_ABOUT THIS TASK:_
Exclude the pictures, then restate exactly each line of the data below from the first through the line containing "Hand crafted Iridescent".

_PROVIDED DATA:_
____________

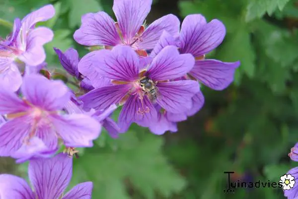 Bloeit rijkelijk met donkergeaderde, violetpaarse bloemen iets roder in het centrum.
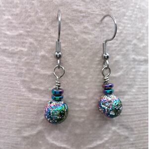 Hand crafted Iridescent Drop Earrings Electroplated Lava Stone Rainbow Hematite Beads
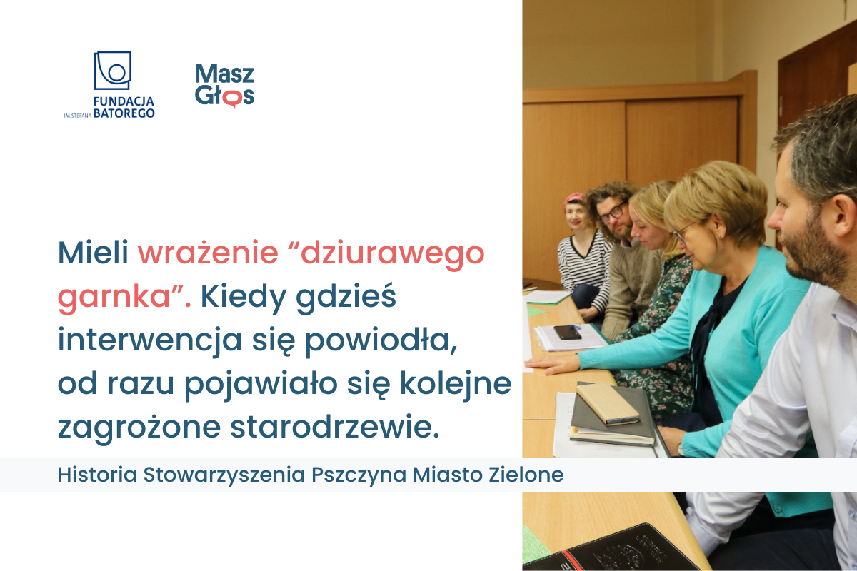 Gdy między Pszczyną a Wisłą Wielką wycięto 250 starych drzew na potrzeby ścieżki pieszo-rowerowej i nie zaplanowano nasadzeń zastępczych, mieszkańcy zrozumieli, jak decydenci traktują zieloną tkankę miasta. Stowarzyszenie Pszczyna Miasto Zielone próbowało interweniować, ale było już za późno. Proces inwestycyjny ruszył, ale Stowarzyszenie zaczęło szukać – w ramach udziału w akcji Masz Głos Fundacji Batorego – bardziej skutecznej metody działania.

____________

_ANSWER SPACE:_
 Bloeit rijkelijk met donkergeaderde, violetpaarse bloemen iets roder in het centrum.
 Hand crafted Iridescent Drop Earrings Electroplated Lava Stone Rainbow Hematite Beads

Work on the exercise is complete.